The Problem with Modeling Big Data

So "Big Data" has been a buzzword for a while now.  Lots of companies are now saying that they have a "Big Data" problem and they're looking for solutions to make sense of their data.

Let's back up a second and understand what "Big Data" means.  Having a lot of data isn't the same thing as having "Big Data".  Big Data refers to data that contains useful or actionable information.  Big Data allows you (or, more appropriately, an algorithm) to make predictions with high accuracy.  Big Data contains the answers to your questions.  (Just having a lot of data doesn't mean that any of those things are true.)

We're at a turning point regarding data modeling.

Historically, data modeling has been required for two reasons:

  1. The amount of data has been very small compared to what is available today.
  2. Calculations were done manually.  Pen and paper.  Chalk and blackboard. 

For example, F=m*a is a model of how a mass moves when a force is applied to it.
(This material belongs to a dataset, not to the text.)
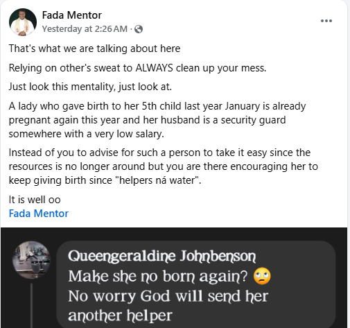 “That’s what we are talking about here. Relying on others’ sweat to ALWAYS clean up your mess. Just at look this mentality, just look at. A lady who gave birth to her 5th child last year January is already pregnant again this year and her husband is a security guard somewhere with a very low salary,” he wrote.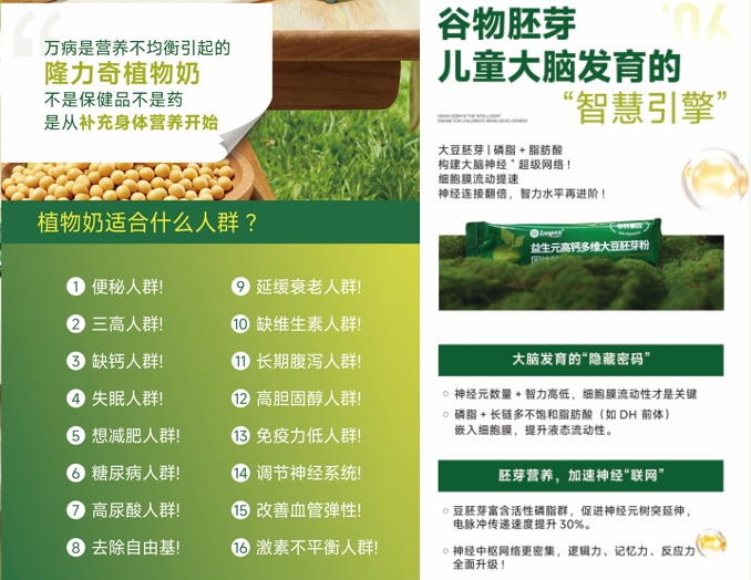 据江女士提供的内部宣传材料,内文明确将大豆胚芽粉(又称“植物奶”)的适合人群指向糖尿病、高胆固醇、长期腹泻等患者,还声称产品可调节神经系统、改善血管弹性、去除自由基、可促进儿童大脑发育,但海报中又标注产品“不是保健品不是药”。

Newton came up with this model based on Galileo's experiments, i.e. data.  As a model, F=m*a had worked phenomenally well for over 300 years, until subtle irregularities were noticed prompting the theories of both Relativity and Quantum Mechanics.  Even now, F=m*a is used for the majority of real-world problems without the need to invoke Relativity or Quantum Mechanics.

As data points increased beyond the capability of people to work out the mechanics of every particle, statistical modeling was used for predicting what happens to, say, a gas at different temperatures and pressures.  To be fair, these experiments weren't able to measure the attributes of every particle.  Instead, bulk measurements were used to describe and predict.  This lowered the number of data points back to human manageable levels at the cost of predicting the motion of each individual particle.

More modern experiments gather much more data.  For example, the Data Centre for the Large Hadron Collider at CERN "processes about one petabyte of data every day".  Surely this must be "Big Data".  No.  This is just lots of data. Scientists are using this data to validate existing models of how the universe works, rather than to predict what the next collision will look like.  If the data proves the existing models to be wrong, then scientists must come up with new models of how the universe works.  This is the progressive nature of science with a bend towards understanding why things work they way they work.  (Of course, physicists use data to create models, too, especially in complex phenomena!)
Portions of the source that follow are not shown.